• _MATERIAL SUPPLIED_:
_ _ _ _

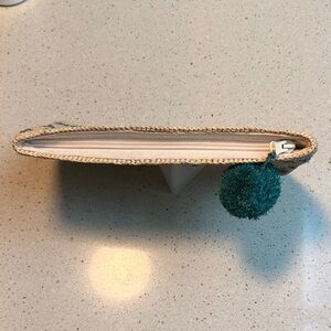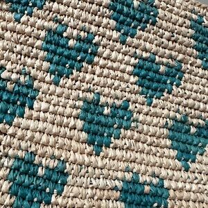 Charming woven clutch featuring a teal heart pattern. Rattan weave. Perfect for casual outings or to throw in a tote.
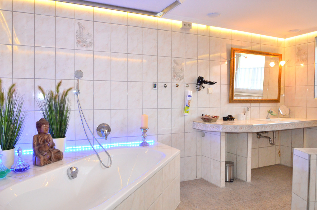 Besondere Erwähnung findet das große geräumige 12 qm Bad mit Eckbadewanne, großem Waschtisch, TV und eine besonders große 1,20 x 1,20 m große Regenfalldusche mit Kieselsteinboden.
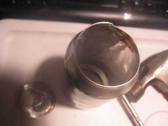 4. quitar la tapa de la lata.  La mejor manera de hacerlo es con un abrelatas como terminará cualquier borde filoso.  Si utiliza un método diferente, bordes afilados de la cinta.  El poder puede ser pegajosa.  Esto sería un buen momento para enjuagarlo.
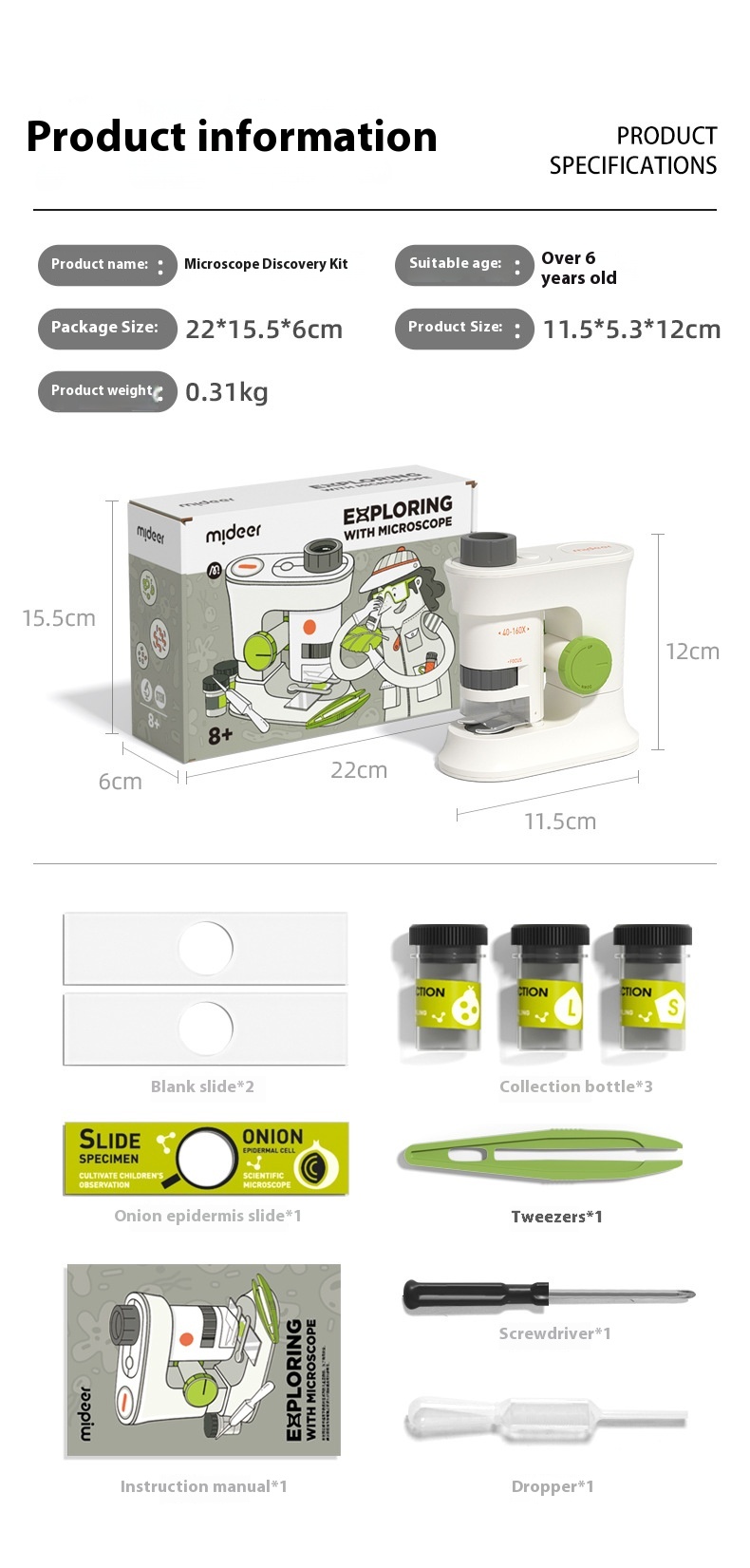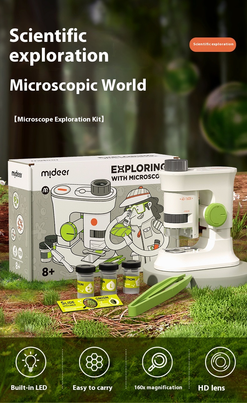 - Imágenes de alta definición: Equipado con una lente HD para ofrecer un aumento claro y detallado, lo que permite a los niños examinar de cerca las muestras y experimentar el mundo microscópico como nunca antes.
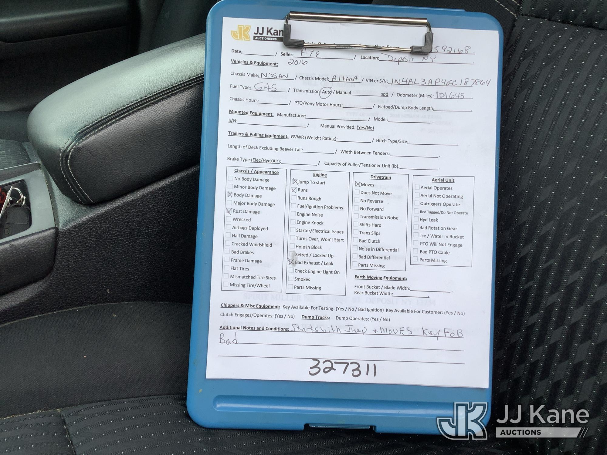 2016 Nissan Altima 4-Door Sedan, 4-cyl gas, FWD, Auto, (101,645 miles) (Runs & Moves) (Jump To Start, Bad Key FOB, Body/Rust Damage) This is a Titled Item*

_ _ _ _

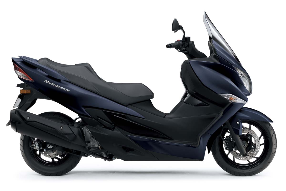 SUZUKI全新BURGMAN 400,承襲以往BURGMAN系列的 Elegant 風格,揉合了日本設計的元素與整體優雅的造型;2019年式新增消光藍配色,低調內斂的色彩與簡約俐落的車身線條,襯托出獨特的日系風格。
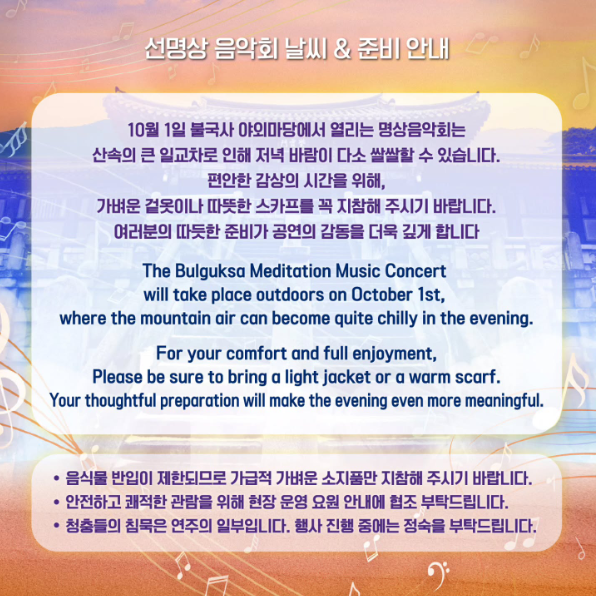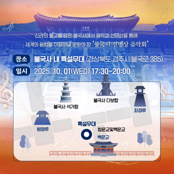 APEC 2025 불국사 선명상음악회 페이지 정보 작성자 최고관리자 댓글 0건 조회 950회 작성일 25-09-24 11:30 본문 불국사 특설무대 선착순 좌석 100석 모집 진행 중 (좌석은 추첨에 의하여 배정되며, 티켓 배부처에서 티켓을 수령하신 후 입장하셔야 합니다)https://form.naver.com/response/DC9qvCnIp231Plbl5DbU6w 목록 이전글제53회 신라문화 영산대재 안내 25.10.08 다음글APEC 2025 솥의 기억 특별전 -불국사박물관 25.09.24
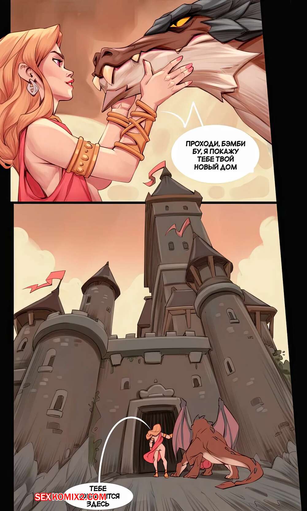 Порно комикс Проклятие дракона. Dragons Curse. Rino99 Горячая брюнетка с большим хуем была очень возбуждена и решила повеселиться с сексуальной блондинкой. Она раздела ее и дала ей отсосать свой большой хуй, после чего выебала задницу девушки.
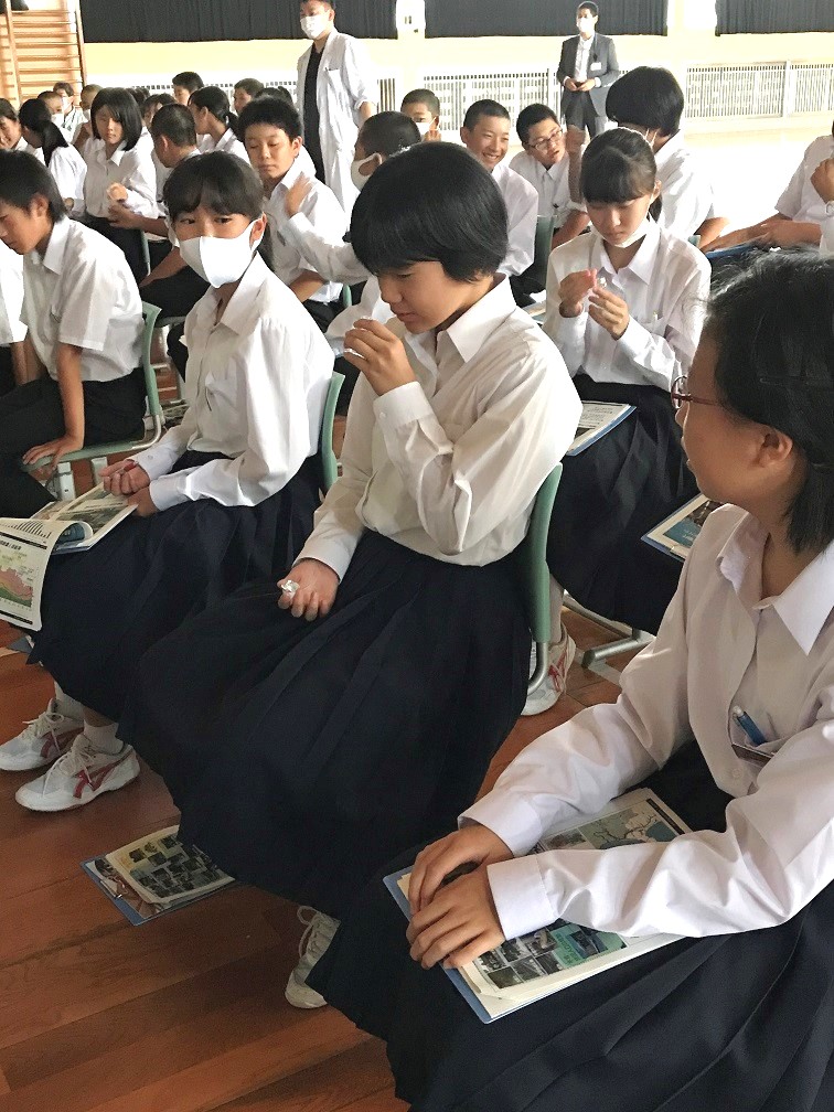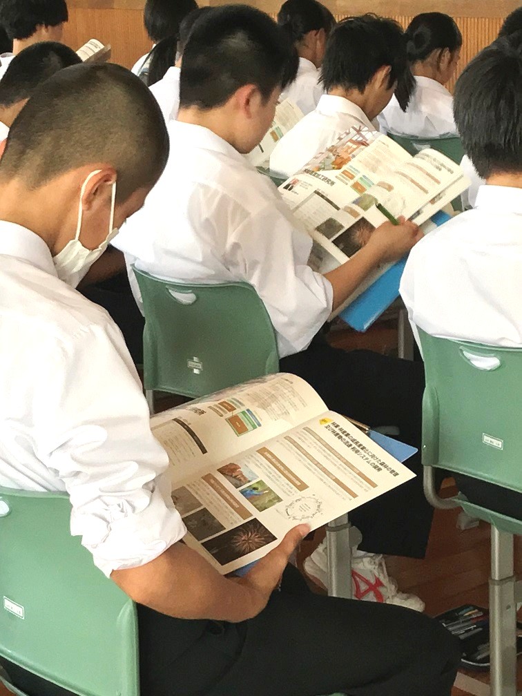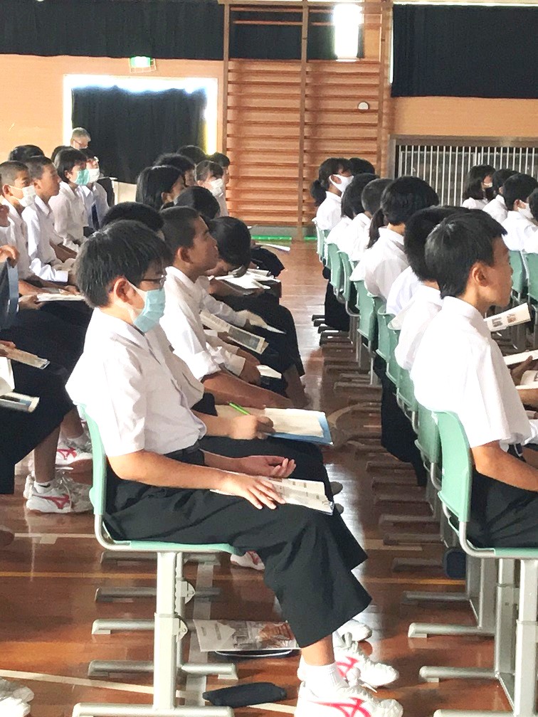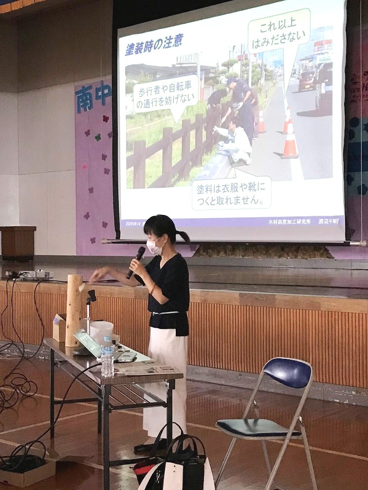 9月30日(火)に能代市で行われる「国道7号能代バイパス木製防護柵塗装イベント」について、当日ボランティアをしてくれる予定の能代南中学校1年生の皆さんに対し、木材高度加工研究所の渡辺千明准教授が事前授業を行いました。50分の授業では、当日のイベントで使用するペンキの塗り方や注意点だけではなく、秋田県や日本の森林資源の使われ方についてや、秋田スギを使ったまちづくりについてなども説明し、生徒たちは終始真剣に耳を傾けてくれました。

_ _ _ _

• _WHAT TO WORK ON_: For the entries above, print exactly the lines between the one with "4. quitar la" and the one with "2016 Nissan Altima", inclusive, with no pictures.

• _TASK OUTPUT_:
 4. quitar la tapa de la lata.  La mejor manera de hacerlo es con un abrelatas como terminará cualquier borde filoso.  Si utiliza un método diferente, bordes afilados de la cinta.  El poder puede ser pegajosa.  Esto sería un buen momento para enjuagarlo.
 - Imágenes de alta definición: Equipado con una lente HD para ofrecer un aumento claro y detallado, lo que permite a los niños examinar de cerca las muestras y experimentar el mundo microscópico como nunca antes.
 2016 Nissan Altima 4-Door Sedan, 4-cyl gas, FWD, Auto, (101,645 miles) (Runs & Moves) (Jump To Start, Bad Key FOB, Body/Rust Damage) This is a Titled Item*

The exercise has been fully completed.